The Beckley Police Department is rolling out a new set of bike patrols in an effort to keep improving relations between the department and the community.
If you pay attention to the Uptown Beckley area, you just might see one of the officers cruising around and mingling with the public.
“It’s easy for a person to not have personal contact when you’re in a car,” Chief Lonnie Christian said. “It’s almost a barrier. When guys are on bikes, the bike becomes a talking point.”
It had been about 15 years since the BPD had bike patrols, Christian said. It just seemed like people didn’t see the benefits that the patrols bring, he added.
“The bike is very accessible, in more ways than one,” Christian said. “They can go down alleyways and on the Rails to Trails to interact with cyclists and walkers that frequent the area.
The addition of bike patrols is another mark of the department trying to be more proactive instead of reactive with the community, Christian said.
“You see people that you wouldn’t normally see,” he said. “You also approach people that you might have never talked to in the car. It’s about changing perspective. That’s where the bikes come in.
“It’s so easy to get focused on the next 911 call that you lose sight of the public around you. We’re trying to break the guys out of that tunnel vision.”
One of the officers who is on the bike patrol says he’s really enjoying the chance to be a part of the new patrols.
“The exercise is great,” Officer J.S. Stewart said. “People seem much more receptive to the bikes and bike uniforms than the regular uniform.
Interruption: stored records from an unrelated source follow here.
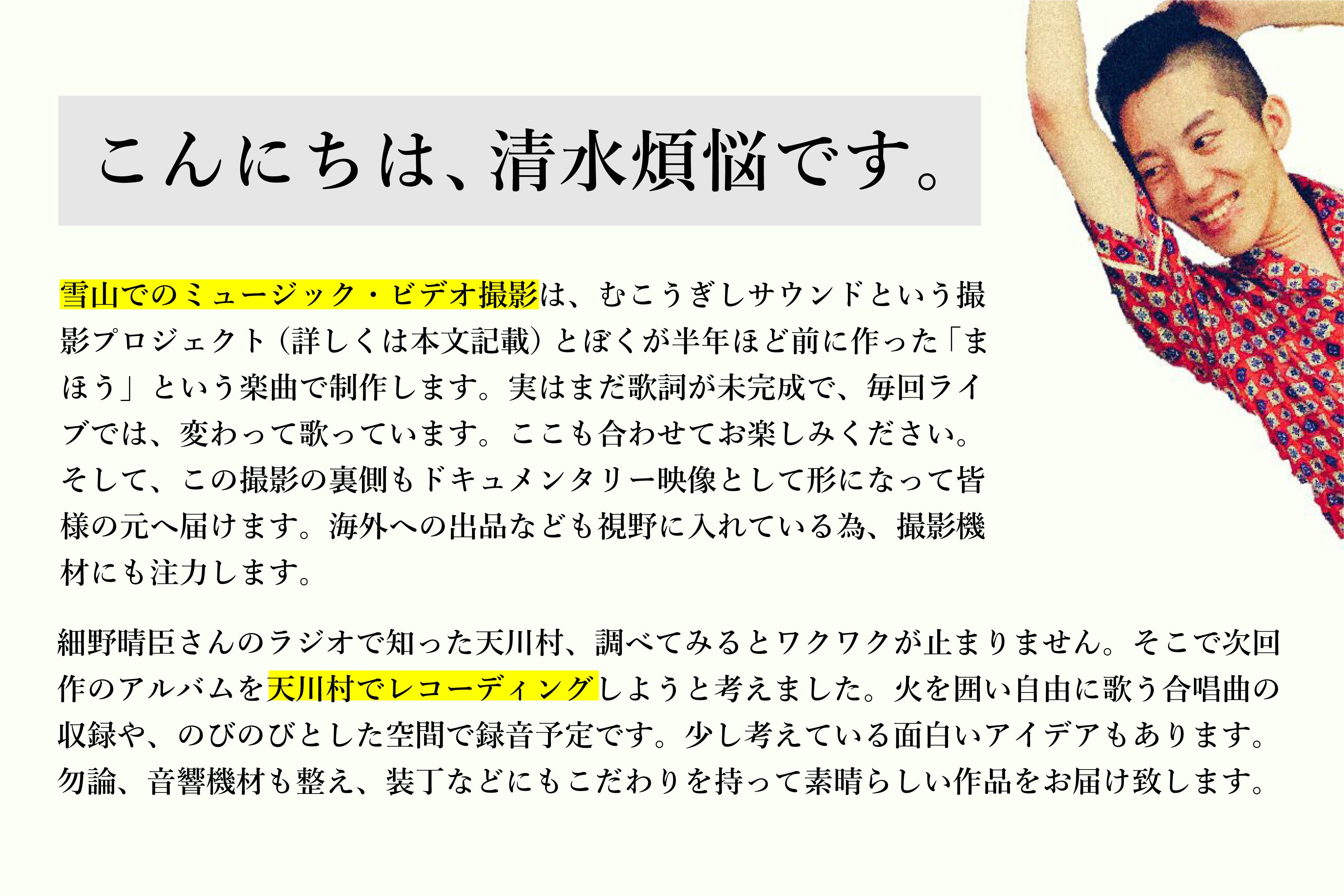 つらつらと文字を重ねてしまいましたが、つまり私が言いたいのは、このクラウドファンディングは、きっとまた、煩悩君からみなさんに送られた”作戦会議”へのお誘いなのだろう、というです。正直、いきなりで戸惑うことでしょう。「雪山でMVを撮りたい、天国のような村で収録をしたい」そんな突拍子のない話をされて、困らない人間はそういません。私も戸惑いました。けれど、そんな突拍子のない話に、ワクワクしない人間もそういません。私も興奮しました。煩悩君は、またそれを知ってか知らずか、きっとこのお誘いを大々的に行っています。
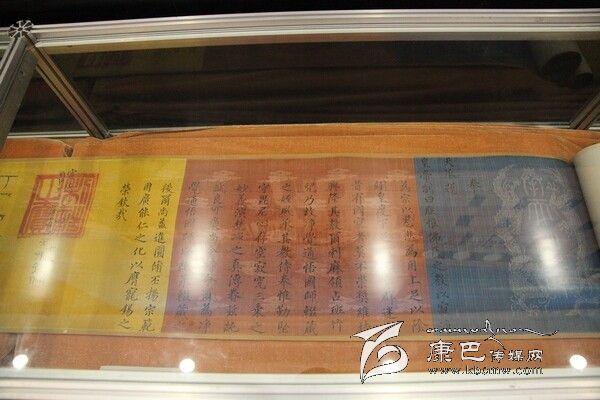 據(jù)介紹,明成祖永樂(lè)十一年封誥為國(guó)家一級(jí)文物,系明永樂(lè)帝成祖朱棣于明永樂(lè)十一年(1413)敕封噶瑪噶舉楚布寺第二世司徒活佛曲吉降村為“灌頂圓通妙濟(jì)國(guó)師”時(shí)頒賜的。該封誥質(zhì)地為宮廷誥文專用彩色云綾紋錦,由藍(lán)、明黃、白、灰、褐五色錦帛分段依次裱接為手卷形制。封誥用漢藏兩種文字墨書(shū),漢文居右、直行,共20行、145字、楷書(shū);藏文居左、橫行、共四行、行書(shū)。封誥右藍(lán)色錦帛織二龍及“奉天誥命”四字。該封誥真實(shí)地記載了明王朝敕封噶瑪噶舉派高僧,有效管理藏區(qū)地方事務(wù)的史實(shí),對(duì)研究明代中央王朝與藏區(qū)關(guān)系具有重要的史料價(jià)值。
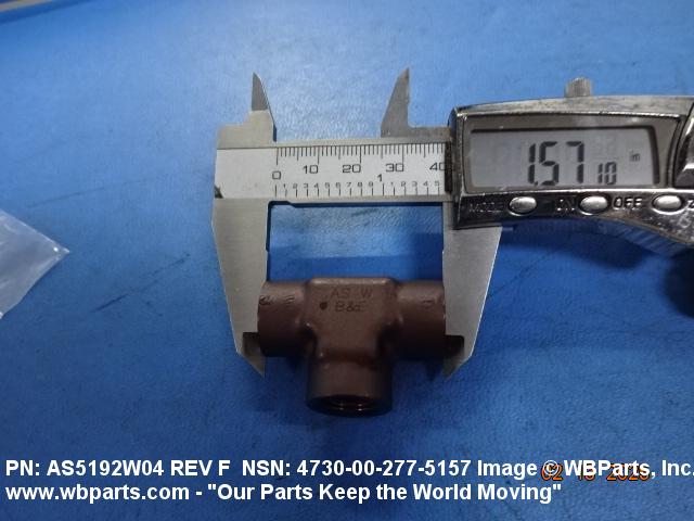 4730-00-277-5157 A fitting having three connections with the branch connection fixed at 90 degrees (1.5705 radians) to the run. The connections have external or internal machine threads (straight threads other than pipe or hose series), and are designed to facilitate a gasket, preformed packing, washer, or the like, to form a seal at the boss. It may have side inlet(s). It is used as a junction at the intersection of a boss or boss fitting on items such as tanks, housings, valve fittings, and the like. Excludes TEE, TUBE.
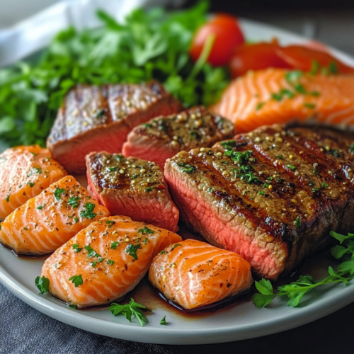 3. Ajoutez un côté de légumes grillés : Pour équilibrer le plat, vous pouvez accompagner ce surf et turf de légumes grillés, comme des asperges, des poivrons, ou des courgettes, assaisonnés avec un peu d’huile d’olive, du sel, et du poivre. Cela ajoutera une touche de fraîcheur tout en apportant plus de nutriments à votre repas.
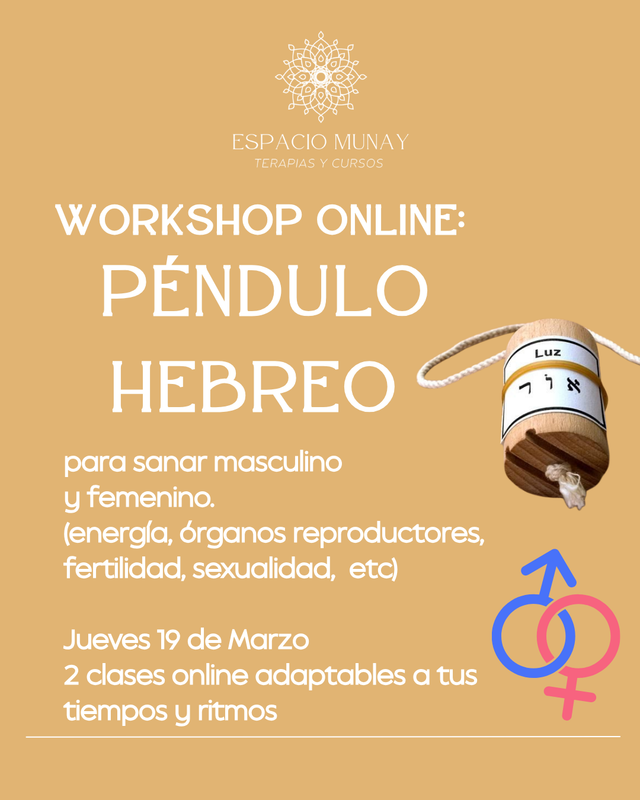 El Péndulo Hebreo es una herramienta directa y poderosa para trabajar bloqueos energéticos, en este workshop específicamente trabajamos con bloqueos vinculados a: sanación de utero órganos reproductores sexualidad fertilidad memorias emocionales y del linaje energías en desequilibrio
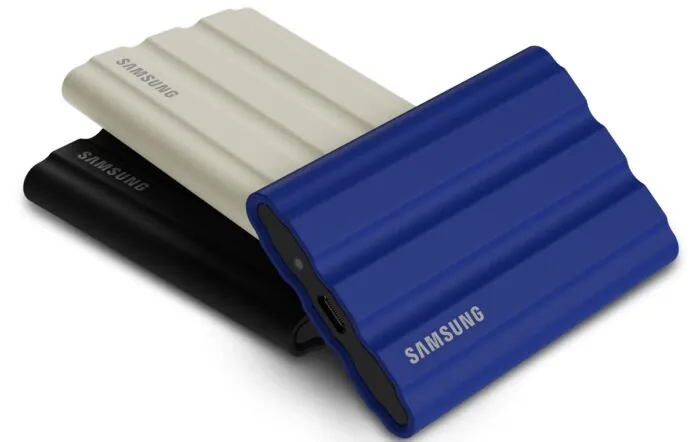 La differenza rispetto al Samsung T7 sta nel fatto che Samsung ha dotato questo disco di una serie di elementi di protezione come la scocca in gomma che lo tutela da cadute fino a tre metri di altezza. In più ha una protezione aggiuntiva contro l’ingresso di acqua e polvere grazie alla certificazione IP65.
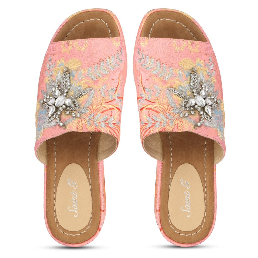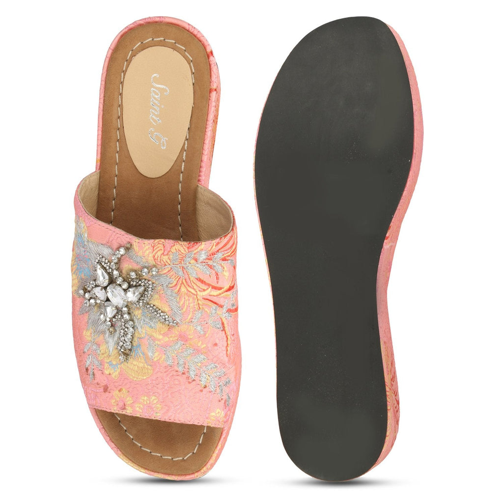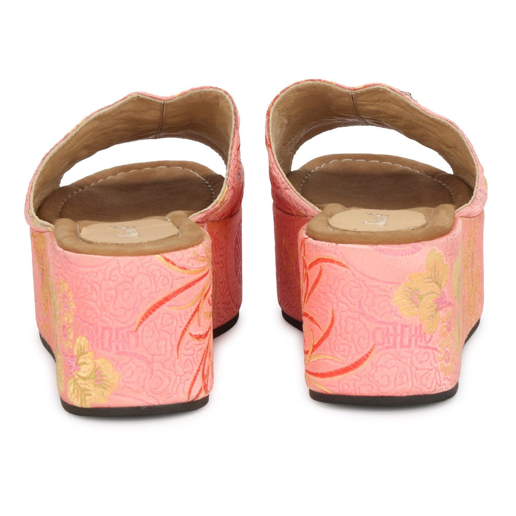 A pair of Pink open toe platform, has regular styling, open back detail textiles upper
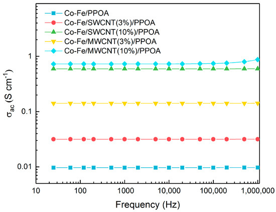 The dependence of electrical conductivity on the frequency of the Co-Fe/SWCNT/PPOA and Co-Fe/MWCNT/PPOA nanocomposites compared to Co-Fe/PPOA was studied (Figure 11).
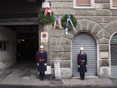 L'assessore Fulvio Sluga ed il consigliere Silvano Magnelli commemorano con corone d'alloro le targhe ai Caduti del '53, ai Caduti del 5 maggio '53, la targa Beltramini '45, le targhe ai Caduti antinazisti del '44 ed ai 41 martiri antifascisti del '44
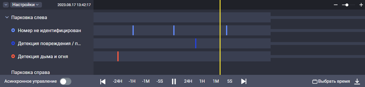 В нижней части рабочей области отображается список таймлайнов для всех камер. Управление временем просмотра зависит от настройки переключателя «Асинхронное управление».
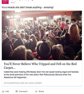 和國內很多自媒體平臺一樣,Facebook上也有不少標題黨。好比When She Looked Under Her Couch Cushions And Saw THIS…(她往沙發墊下看了一眼,結果發現了這個……)、WOW! Ginger tea is the secret to everlasting youth. You’ve GOT tosee this!(震驚!姜茶是連結年輕的奧秘,不看絕對后悔!)等。這些內容,大多是在標題上聳人聽聞,點進去發現不過是很普通的新聞或知識,用戶更多是感到欺騙和失落。
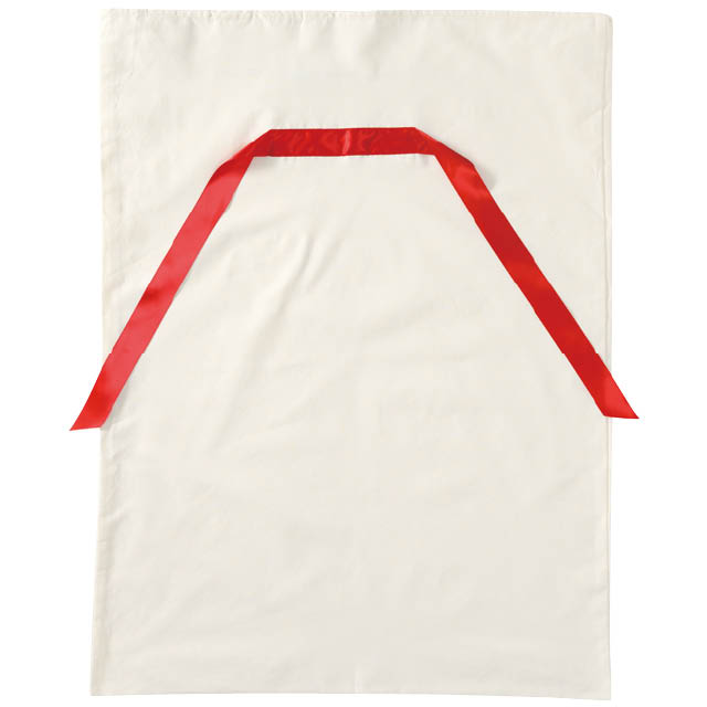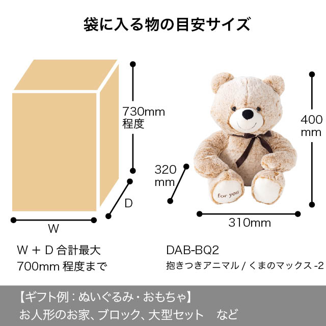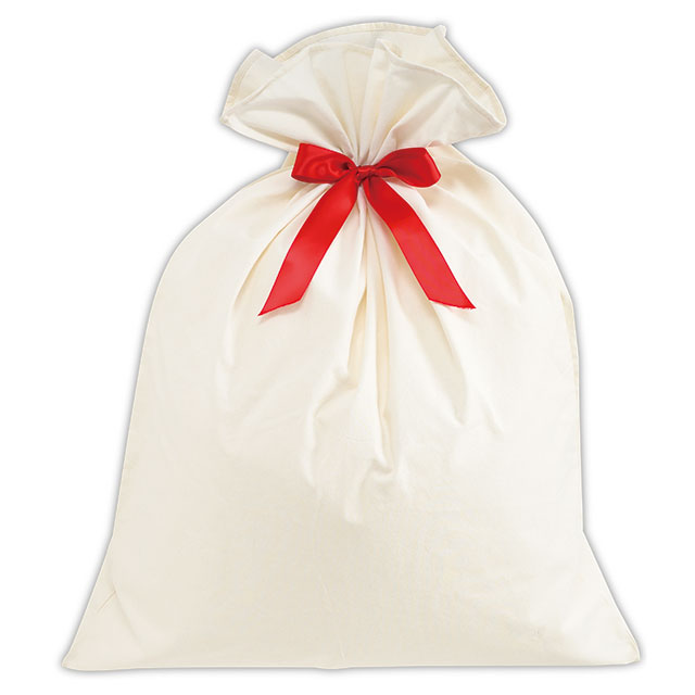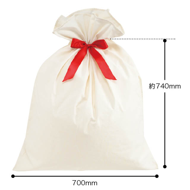 コットンのような白い布製のリボン付巾着バッグ(特大サイズ)です。まるでサンタクロースが運んできた大きなプレゼント袋のよう!ぬいぐるみやクッション、おもちゃ、楽器、家電製品など、大きめギフトにも対応可能な大容量サイズ。複数アイテムの詰め合わせギフトにもぴったりです。

People will talk to you for a half-hour now. The difference is amazing.”
“Just in the last couple of weeks, people come right up to you and talk about the bike or just ask how you’re doing and things like that,” Officer Jamie Blume added. “People have been really receptive to us. They don’t feel like they’re bothering the police anymore by talking to us.”
The bike patrols have their own set of unique challenges, but they’re more beneficial than bad, Blume said.
“You may not have access to the tools of a cruiser, but you have your radio,” he said. “Of course, if we arrest anyone, we’re not going to throw them on the back of the bike.
“Everything we could need is on our belt, though. Your response time is increased, but your mobility is increased too. It balances out.”
Blume said he hopes that people will get to know the officers on the bike and continue to talk to them, whether they’re in their cruiser or out on foot.
“It’s the same person driving the car that is driving that bike,” Blume said. “We just wish that the public would know that we’re always approachable and willing to talk and help.”